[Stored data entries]
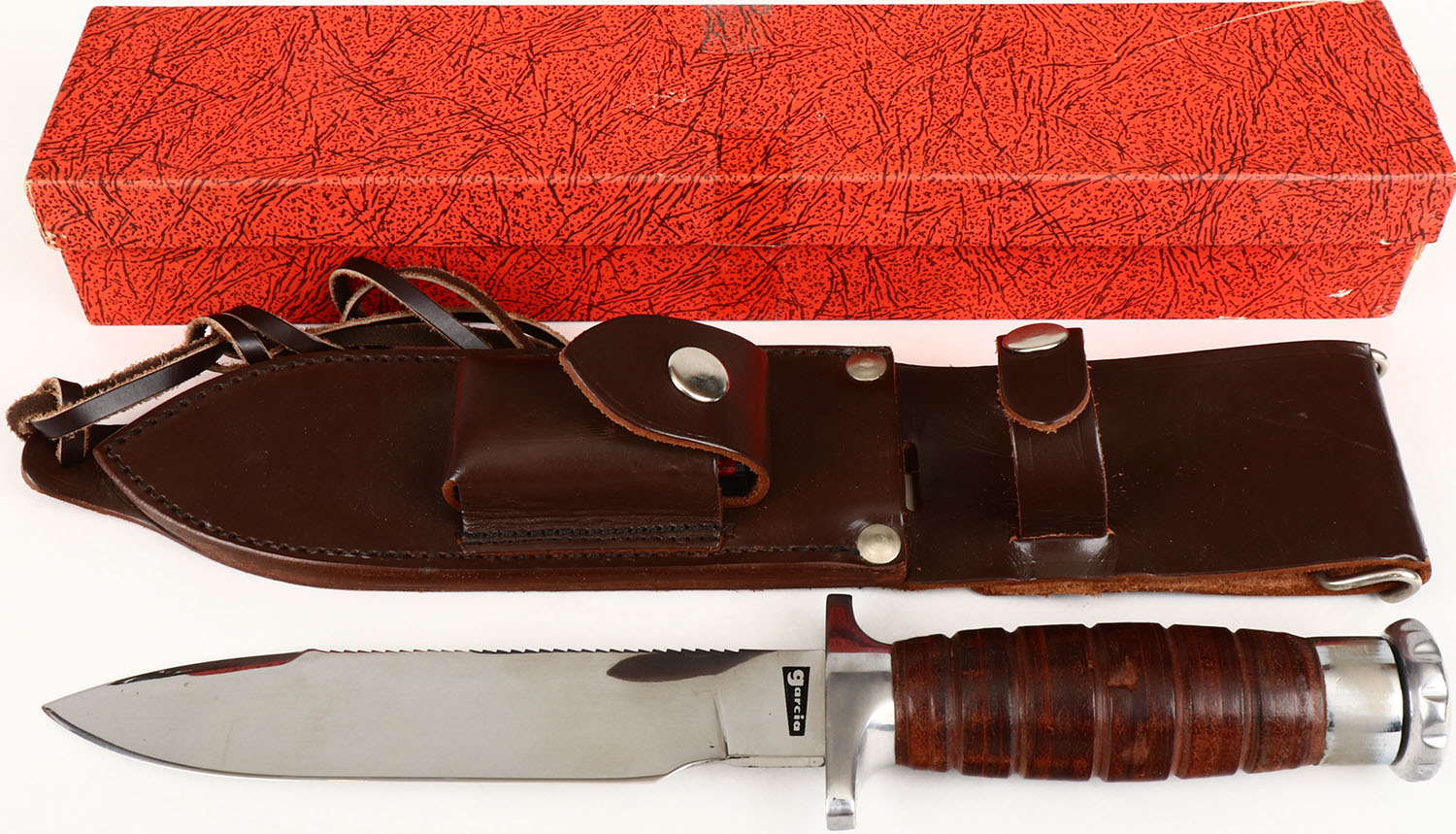 RARE! Garcia Survival Knife circa 1960, NIB, Jacques, Code- 900 0050, has leather sheath and sharpening stone, well marked, all bright and clean, has instructions inside, hard to find with orignal box! Grade: Excellent ++ - Value: 100 to 300
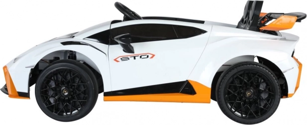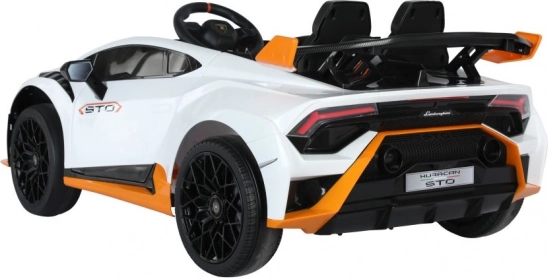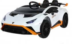 Stylowy dziecięcy elektryczny samochodzik inspirowany supersamochodem LAMBORGHINI STO zapewnia zabawę w drifcie, sportowy design i realistyczne detale. Białe wykończenie z pomarańczowymi akcentami, światła, wierne koła i wygodne siedzisko gwarantują bezpieczną i ekscytującą jazdę dla małych kierowców.
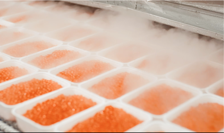スピード感は、いくらを冷凍するときにも重要です。シラリカいくらの凍結には-196度の窒素ガスを使用し急速冷凍。短時間で凍結することにより、旨味を閉じ込め、ドリップも防止し、いつでも作りたてをお楽しみ頂けます。
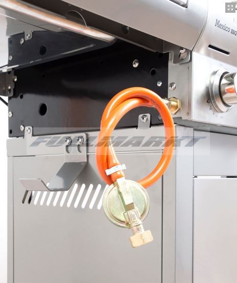 A kerti rozsdamentes acél gázgrill egy csuklós fedéllel rendelkezik, mely lefedi a grillező felületet, továbbá az oldalán polcokkal van ellátva. A bal polc alatt egy tárolóedény van, amibe beleteheti pl. az előre bepácolt húst. A jobb polc alatt van az oldalsó égő. Öntöttvas lemezzel és öntöttvas ráccsal van ellátva. Az ajtók rozsdamentes acélból készültek.
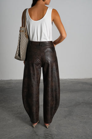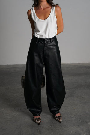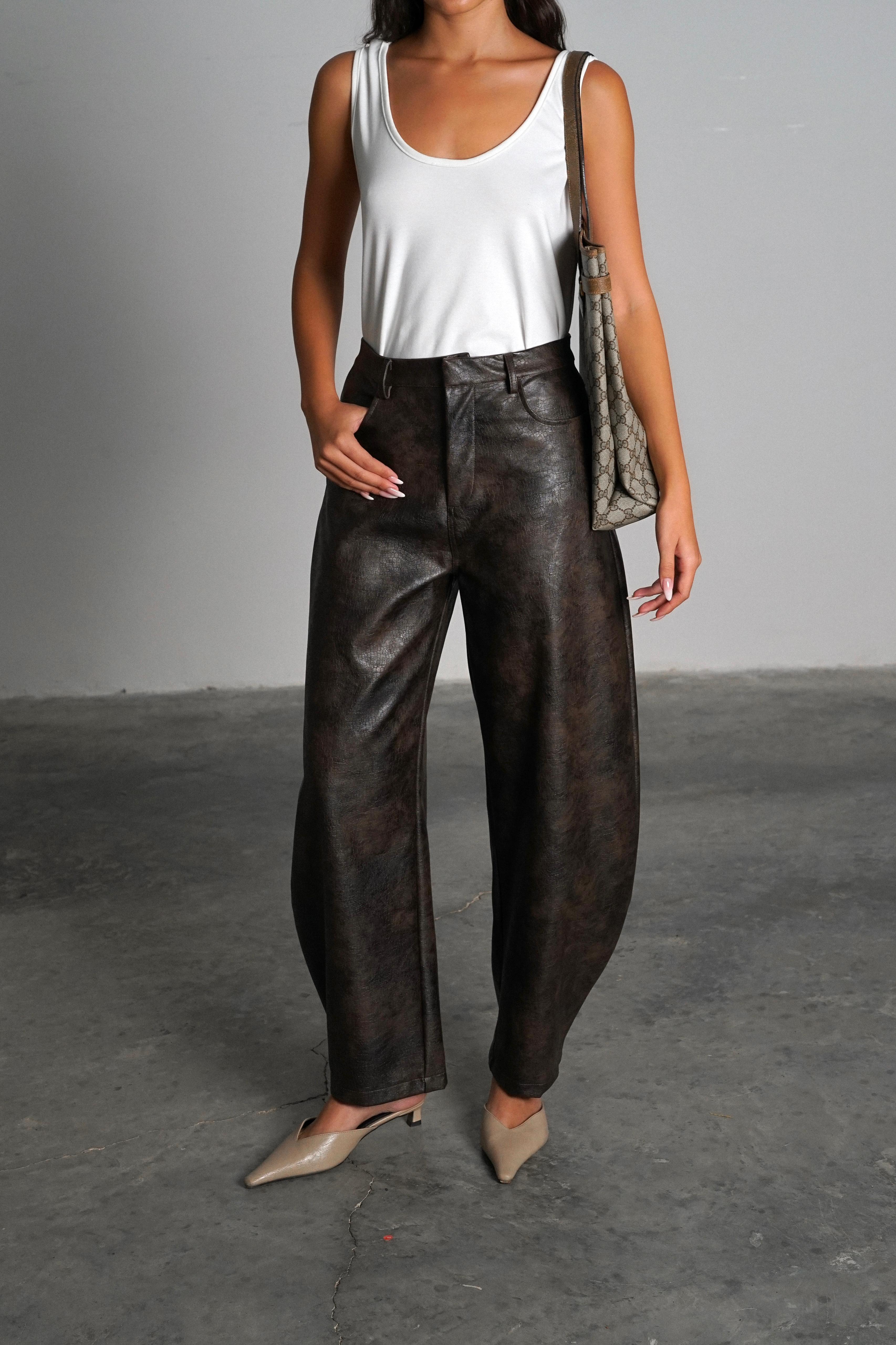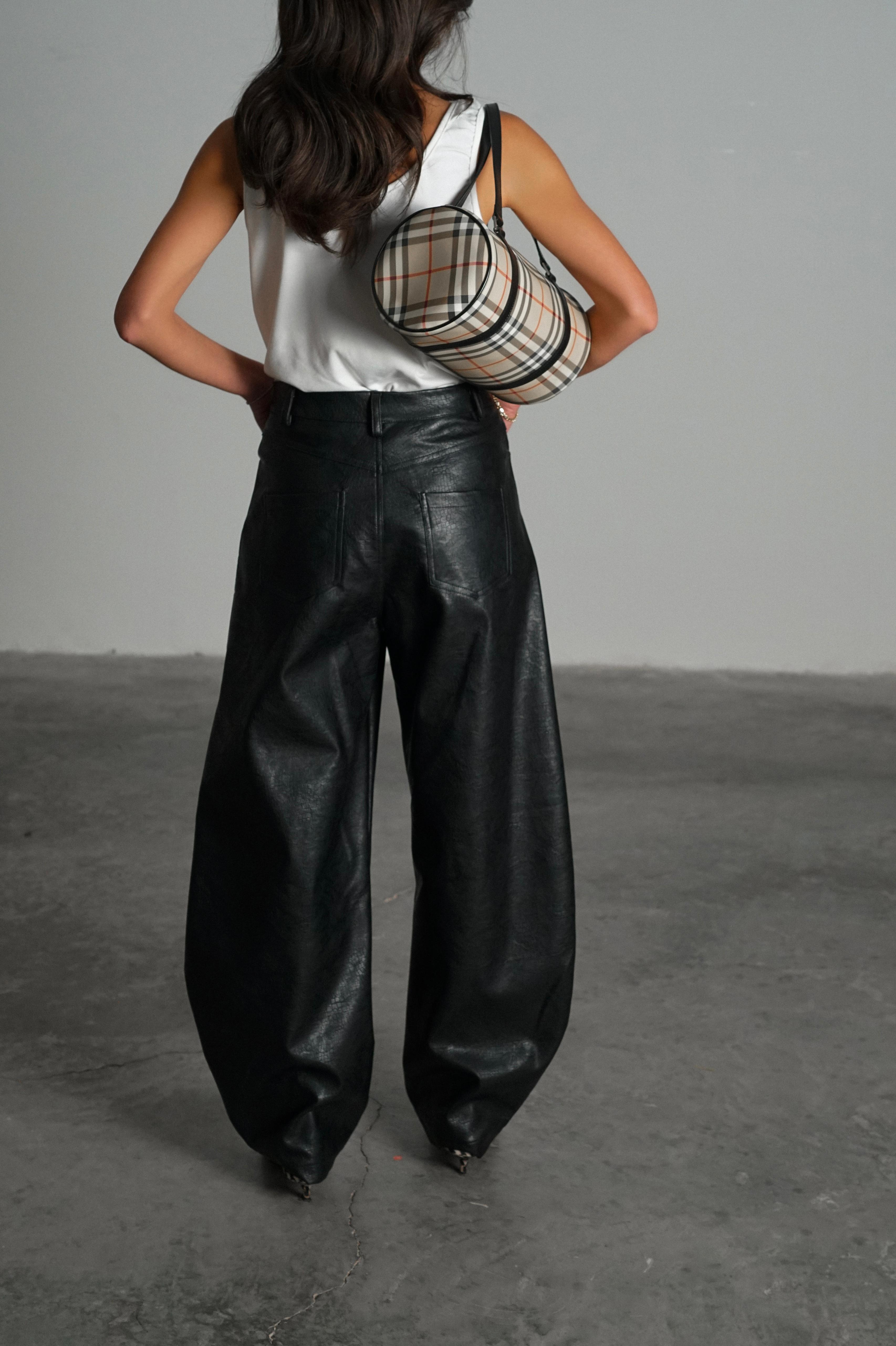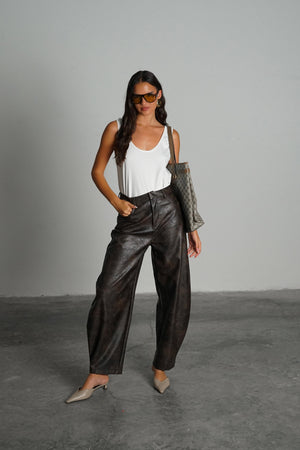 מכנס עור רחב בגזרה גבוהה עם מראה מבריק ומרקם ייחודי, שמעניק לו טאץ’ יוקרתי ואופנתי.
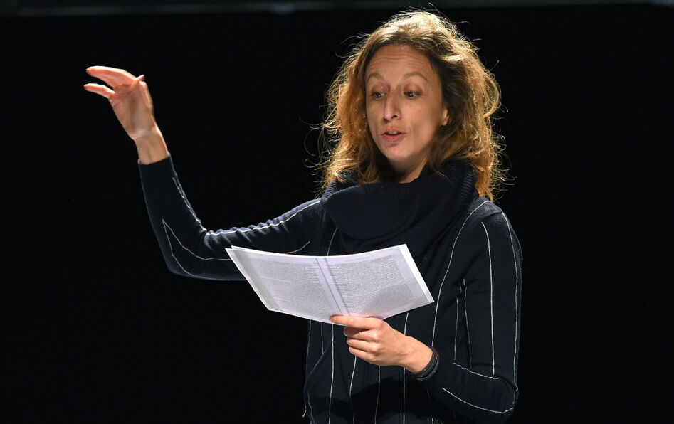 Caroline Arrouas interprète, seule sur scène, une professeure de lycée confronté à l’échec annoncé d’un de ses élèves. En tentant de faire dévier cette trajectoire quasi inéluctable, en imaginant mettre un grain de sable dans le processus de la reproduction sociale, dans le destin de cet adolescent, l’enseignante se trouve prise à son tour dans une mécanique qui la dépasse. Mais Caroline Arrouas parle aussi d’elle-même, en revenant sur sa trajectoire de comédienne, et de sa sœur (fictive ?) chanteuse d’opéra à Vienne (elle-même a été chanteuse). Guillermo Pisani intervient lui aussi au cours de la représention, comme pour en déjouer les codes et mieux les confondre. Il ne cesse ainsi d’opérer un retour réflexif sur le spectacle se faisant, de même que Bourdieu s’interrogeait toujours sur sa pratique. Lorsqu’il fut nommé professeur au Collège de France, en 1982, il prononça sa leçon inaugurale tout en déroulant une analyse sociologique de la leçon qu’il donnait. Avec le même procédé, Guillermo Pisani mêle les effets de réel à cette fiction, introduisant une dimension biographique, celle de l’histoire de la comédienne, au personnage sur scène. Il dramatise l’invitation de Bourdieu, formulée dans Les Règles de l’art, à « s’affranchir complètement de la vision “essentialiste” » de l’art, en menant une analyse historique du champ artistique compris comme « la condition du fonctionnement de l’économie des biens culturels ». Ce champ généralement implicite, Guillermo Pisani l’expose sur le plateau.
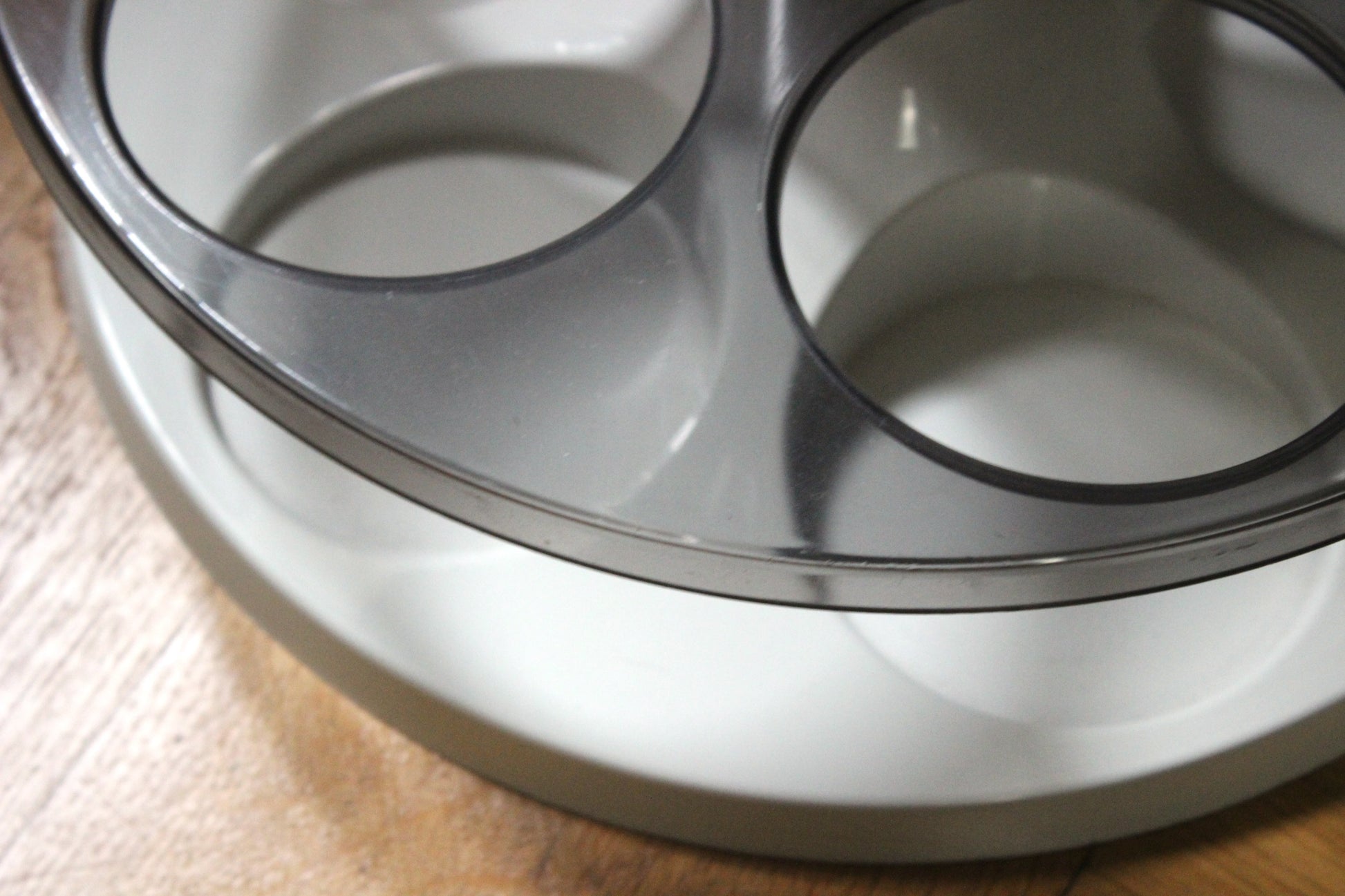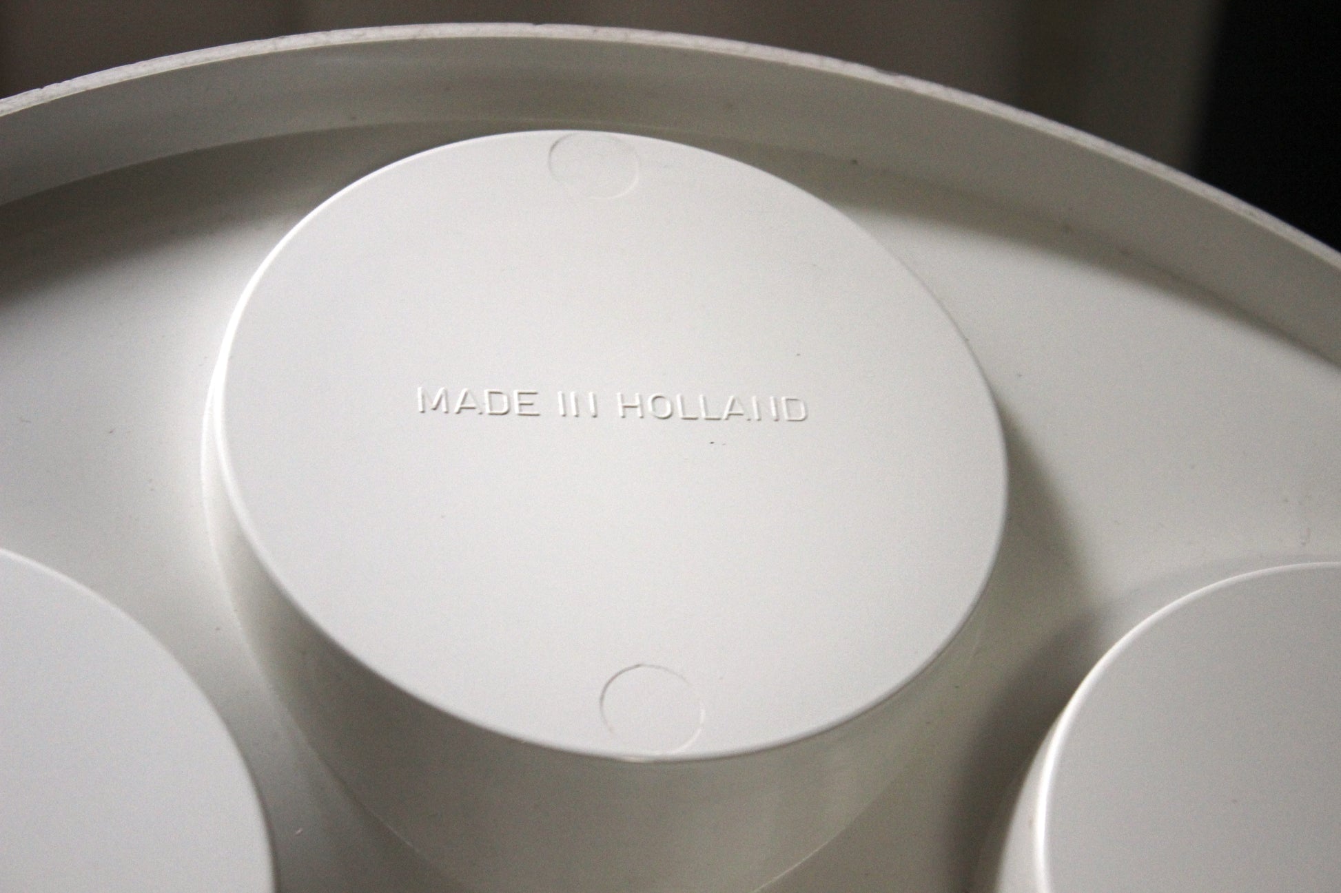 Made in Holland sometime in the glorious plastic decade (aka the 1970s), this modular table was clearly designed by someone who liked their living room a little cosmic. And their drinks were very organized.
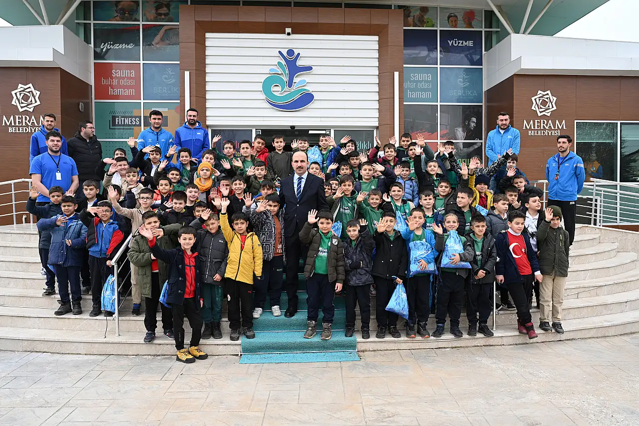Konya Büyükşehir Belediye Başkanı Uğur İbrahim Altay, 'Yüzme Bilmeyen Kalmasın' projesi kapsamında yüzme eğitimi alan 3. sınıf öğrencileriyle bir araya geldi.
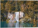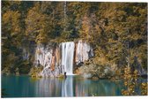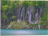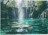 WallClassics - Drapeau - Chute d'eau de la forêt dans un lac - Photo 40x30 cm sur drapeau en polyester
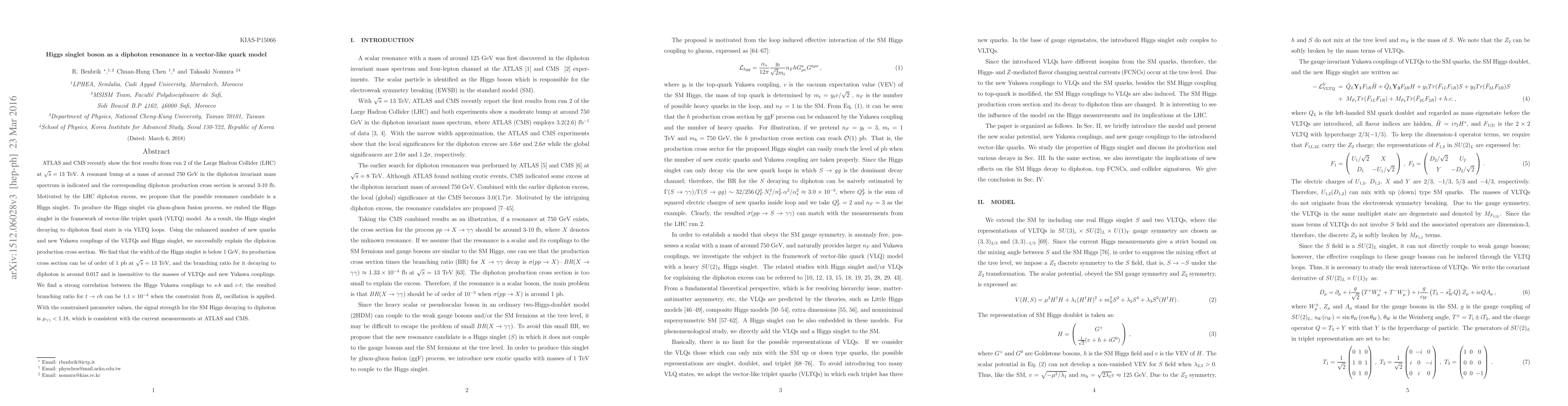 ATLAS and CMS recently show the first results from run 2 of the Large Hadron Collider (LHC) at $\sqrt{s}=13$ TeV. A resonant bump at a mass of around 750 GeV in the diphoton invariant mass spectrum is indicated and the corresponding diphoton production cross section is around 3-10 fb. Motivated by the LHC diphoton excess, we propose that the possible resonance candidate is a Higgs singlet. To produce the Higgs singlet via gluon-gluon fusion process, we embed the Higgs singlet in the framework of vector-like triplet quark (VLTQ) model. As a result, the Higgs singlet decaying to diphoton final state is via VLTQ loops. Using the enhanced number of new quarks and new Yukawa couplings of the VLTQs and Higgs singlet, we successfully explain the diphoton production cross section. We find that the width of the Higgs singlet is below 1 GeV, its production cross section can be of order of 1 pb at $\sqrt{s}=13$ TeV, and the branching ratio for it decaying to diphoton is around $0.017$ and is insensitive to the masses of VLTQs and new Yukawa couplings. We find a strong correlation between the Higgs Yukawa couplings to $s$-$b$ and $c$-$t$; the resulted branching ratio for $t \to c h$ can be $1.1\times 10^{-4}$ when the constraint from $B_s$ oscillation is applied. With the constrained parameter values, the signal strength for the SM Higgs decaying to diphoton is $\mu_{\gamma\gamma}< 1.18$, which is consistent with the current measurements at ATLAS and CMS.

**What you need to do**
Nothing outside the stretch above, from the line with "スピード感は、いくらを冷凍す" through the line with "מכנס עור רחב", is set down. Transcribe that stretch exactly, ends included, but not its pictures.

**Answer to this task**
スピード感は、いくらを冷凍するときにも重要です。シラリカいくらの凍結には-196度の窒素ガスを使用し急速冷凍。短時間で凍結することにより、旨味を閉じ込め、ドリップも防止し、いつでも作りたてをお楽しみ頂けます。
 A kerti rozsdamentes acél gázgrill egy csuklós fedéllel rendelkezik, mely lefedi a grillező felületet, továbbá az oldalán polcokkal van ellátva. A bal polc alatt egy tárolóedény van, amibe beleteheti pl. az előre bepácolt húst. A jobb polc alatt van az oldalsó égő. Öntöttvas lemezzel és öntöttvas ráccsal van ellátva. Az ajtók rozsdamentes acélból készültek.
 מכנס עור רחב בגזרה גבוהה עם מראה מבריק ומרקם ייחודי, שמעניק לו טאץ’ יוקרתי ואופנתי.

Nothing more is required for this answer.